Jun 29, 2008
U.S. defence spending in recent years has either matched or exceeded the military budgets of the rest of the world combined. Presented with that fact, the next logical question is, where is all the money going? The answer is simple: Everywhere.
In "The Complex: How the Military Invades Our Everyday Lives" (Henry Holt, 2008), Nick Turse carefully follows the money trail of the Defence Department into everything from the traditional players in the defence contractor industry to a handful of Southern catfish restaurants.
The book takes its title from the Military-Industrial Complex -- the one President Dwight Eisenhower warned about on his way out of office, but nonetheless appears to have run rampant since. However, the 'Military-Industrial' part of the moniker was dropped as the armed forces and defence giants have lost their monopoly on the system.
And the 'invasion' that Turse regards as veering into the fabric of U.S. civil life is not simply alarmist rhetoric; the Complex rears its head everywhere from high schools to Hollywood to your local Dunkin' Donuts.

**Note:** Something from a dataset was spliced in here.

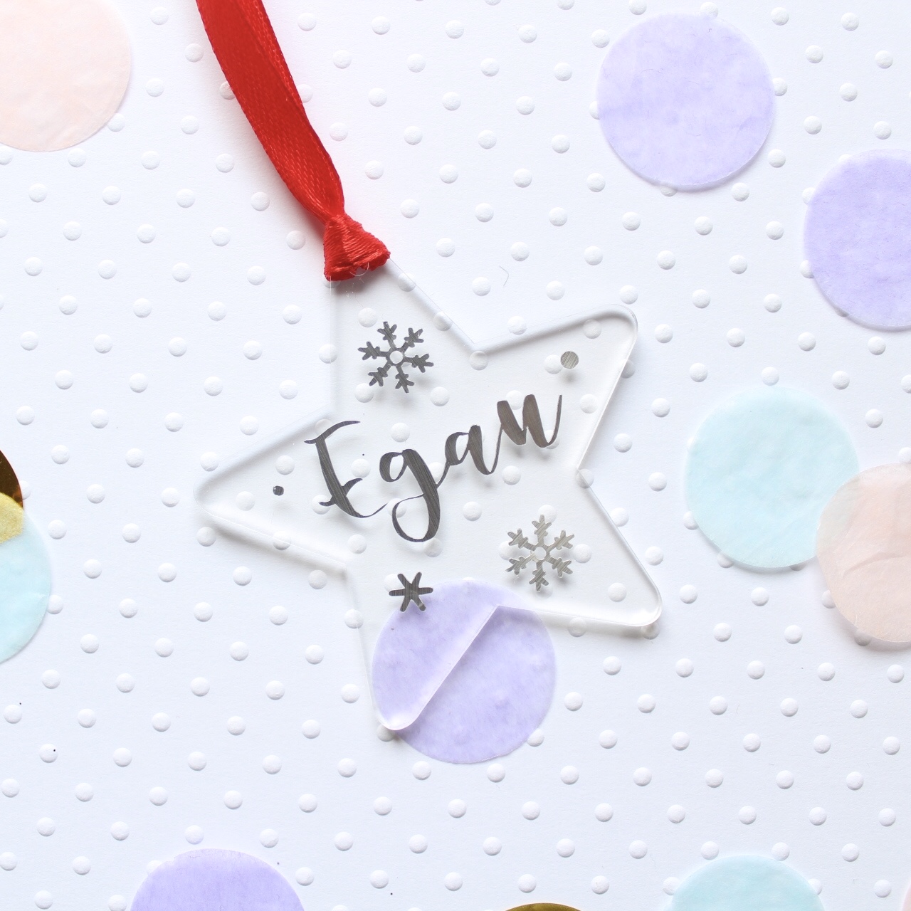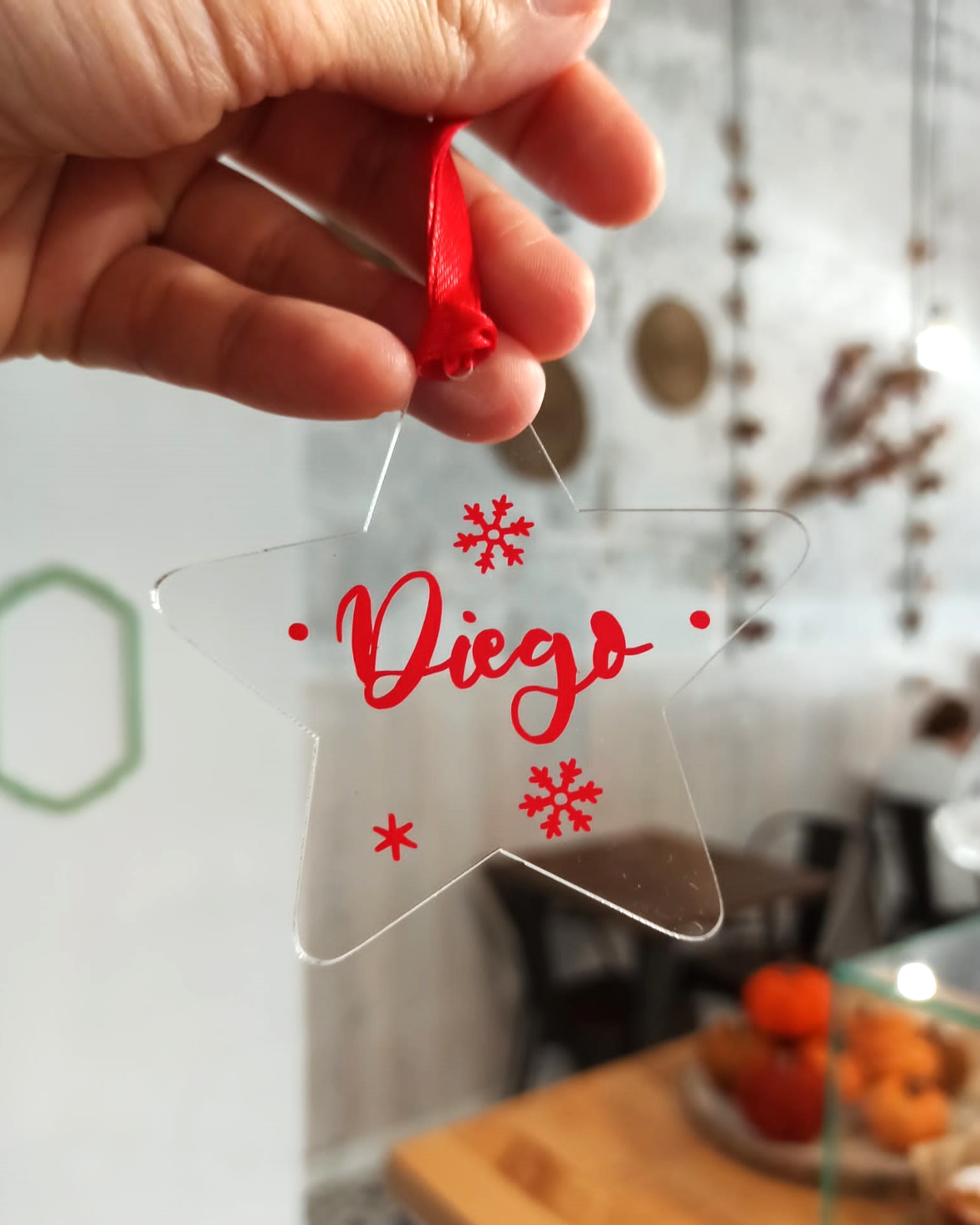 Decora tu árbol o sorprende a los demás regalando este adorno personalizado de metacrilato en forma de estrella.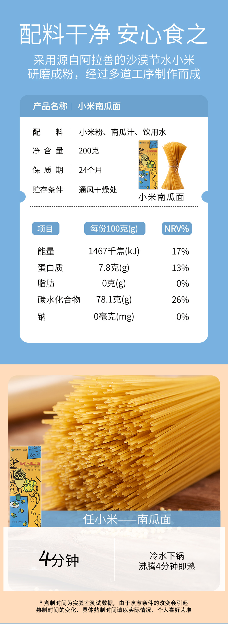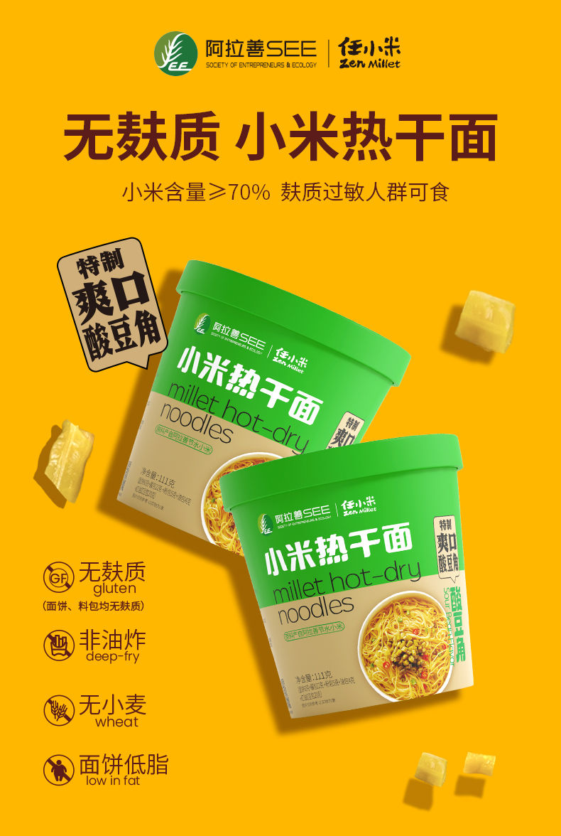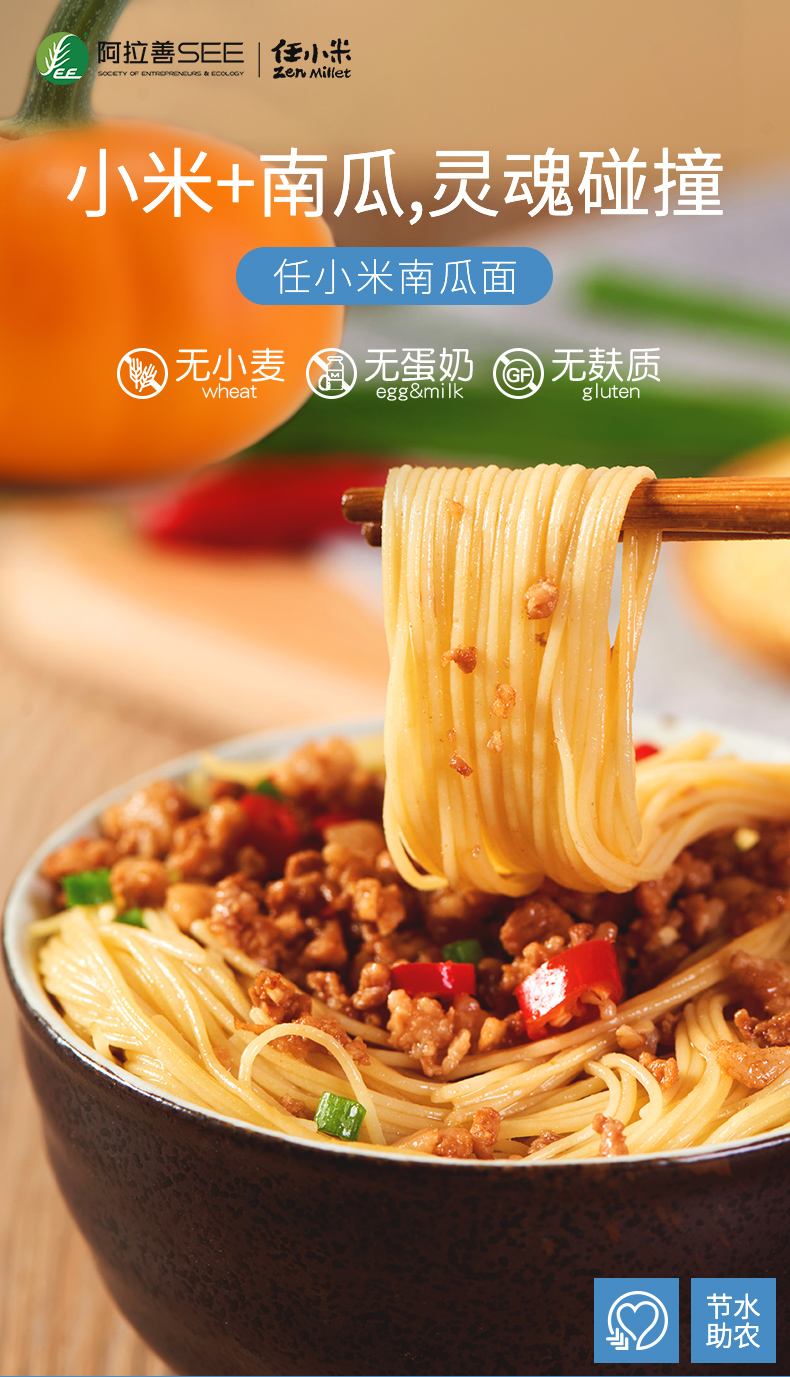 【任小米】无麸质小米面条南瓜面小米热干面早餐面宝宝面条无小麦无蛋奶

"[T]he DoD [Defence Department] is well tied to the doughnut trade -- more proof of the ridiculously expansive (if not simply ridiculous) reach of the military-corporate complex," writes Turse in "Chapter 8: The Military-Doughnut Complex (MDC)", documenting at least 3.2 million dollars spent on doughnuts in 2005 alone and linking the MDC back to the traditional Military-Industrial Complex with defence contractor Carlyle Group's 2005 purchase of Dunkin' Brands -- Dunkin' Donuts' parent company.
The doughnut example is typical of Turse's engagement of the Complex. Through an often hilarious acknowledgement of the absurdity, Turse follows all the connections by relying mostly on Defence Department documentation of spending, pulling key dollar amounts and other figures from what must have been a painstaking research effort.
The book begins with a fictitious (but completely realistic) "day in the life" of a typical U.S. citizen and all their contacts with the Complex, proffering a nifty chart of food brand names and their associated parent companies -- all of them DoD contractors. Even if a reader skips over the numerous charts throughout the book, they will understand the broad reach of the Pentagon; this first chart has two columns and runs three full pages.
Next, Turse tears through the "old-school" Complex of defence contractors like Boeing and Lockheed Martin. Three of the top five contractors when Eisenhower made his famous speech remain at the top of the list, and Turse notes that consolidation has created an alarming monopoly for many of the firms -- "a 2003 Pentagon report found that the fifty largest defence contractors of the early 1980's have become today's top five contractors," he writes.
Then there's the traditional Military-Academic Complex, which Turse reveals as going far beyond the military's own university systems and into the "increasingly militarised civilian university". The Massachusetts Institute of Technology, for example, pulled in a cool 600 million dollars in Pentagon research and development contracts just in 2005.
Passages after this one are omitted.